__PROVIDED MATERIAL__
[Start of section]

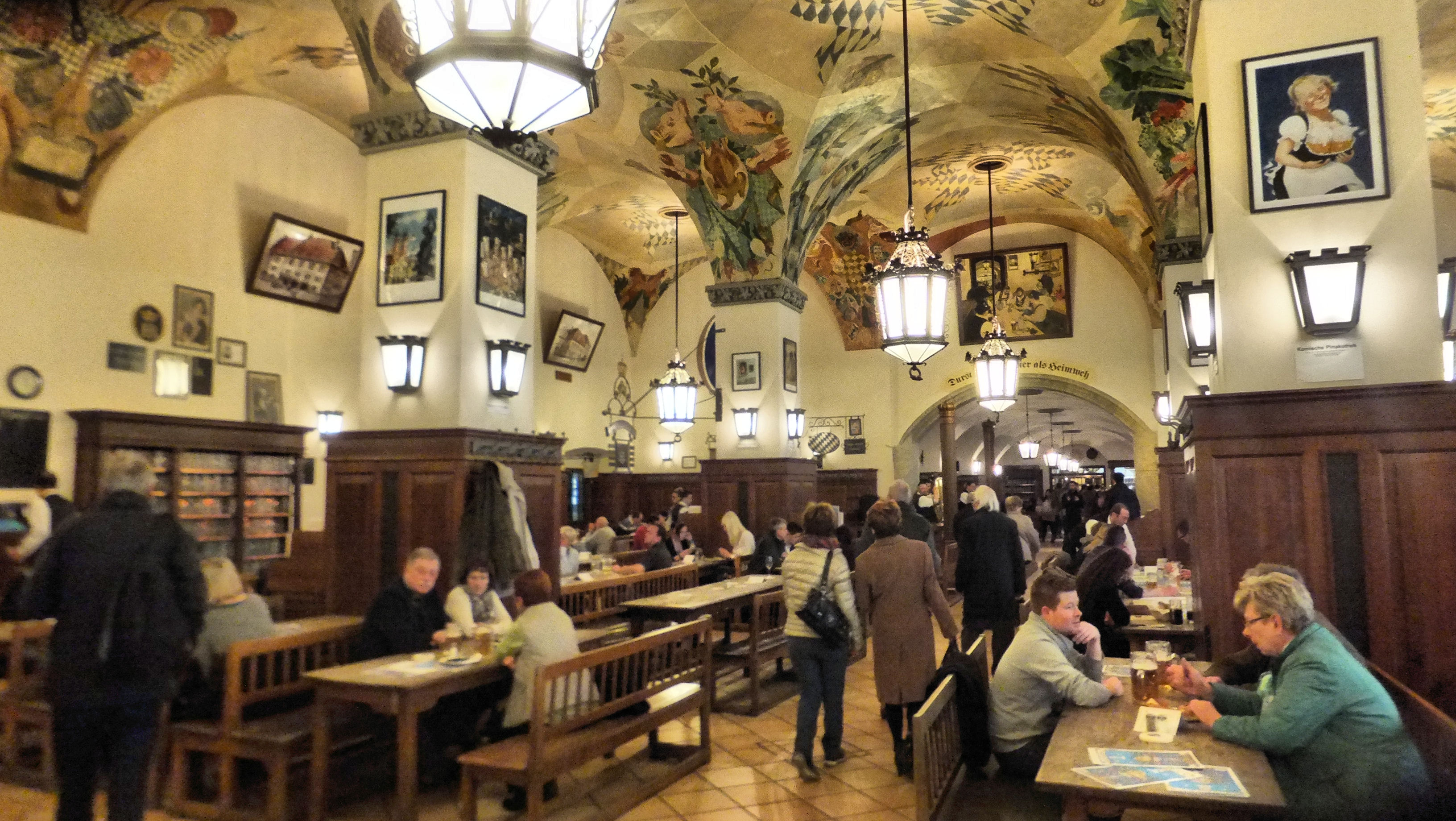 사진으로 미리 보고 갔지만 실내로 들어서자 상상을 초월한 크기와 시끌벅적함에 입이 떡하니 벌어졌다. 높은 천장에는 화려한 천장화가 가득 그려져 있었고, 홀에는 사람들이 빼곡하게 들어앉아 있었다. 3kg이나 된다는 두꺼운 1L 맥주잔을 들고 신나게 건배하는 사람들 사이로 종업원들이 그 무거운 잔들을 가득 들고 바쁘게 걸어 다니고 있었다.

[End of section]
[Start of section]

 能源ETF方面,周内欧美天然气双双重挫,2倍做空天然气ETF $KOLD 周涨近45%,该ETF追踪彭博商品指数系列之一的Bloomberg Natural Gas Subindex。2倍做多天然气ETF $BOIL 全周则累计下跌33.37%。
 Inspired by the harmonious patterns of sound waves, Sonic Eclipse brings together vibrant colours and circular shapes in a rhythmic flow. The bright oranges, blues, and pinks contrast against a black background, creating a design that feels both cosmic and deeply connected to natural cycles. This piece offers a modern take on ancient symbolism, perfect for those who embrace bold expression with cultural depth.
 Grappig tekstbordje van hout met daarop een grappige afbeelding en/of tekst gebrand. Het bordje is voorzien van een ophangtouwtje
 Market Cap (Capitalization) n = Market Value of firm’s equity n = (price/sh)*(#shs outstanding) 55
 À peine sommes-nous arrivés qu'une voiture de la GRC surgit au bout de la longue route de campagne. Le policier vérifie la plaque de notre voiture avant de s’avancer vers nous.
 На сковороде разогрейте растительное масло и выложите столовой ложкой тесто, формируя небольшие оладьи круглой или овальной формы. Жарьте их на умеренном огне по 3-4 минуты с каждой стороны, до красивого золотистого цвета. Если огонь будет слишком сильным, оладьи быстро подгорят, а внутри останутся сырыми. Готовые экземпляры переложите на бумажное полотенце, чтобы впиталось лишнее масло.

[End of section]

__WORK TO COMPLETE__
From the line holding "Market Cap (Capitalization)" to the line holding "На сковороде разогрейте", inclusive, restate each line above exactly as written.

__ANSWER SECTION__
 Market Cap (Capitalization) n = Market Value of firm’s equity n = (price/sh)*(#shs outstanding) 55
 À peine sommes-nous arrivés qu'une voiture de la GRC surgit au bout de la longue route de campagne. Le policier vérifie la plaque de notre voiture avant de s’avancer vers nous.
 На сковороде разогрейте растительное масло и выложите столовой ложкой тесто, формируя небольшие оладьи круглой или овальной формы. Жарьте их на умеренном огне по 3-4 минуты с каждой стороны, до красивого золотистого цвета. Если огонь будет слишком сильным, оладьи быстро подгорят, а внутри останутся сырыми. Готовые экземпляры переложите на бумажное полотенце, чтобы впиталось лишнее масло.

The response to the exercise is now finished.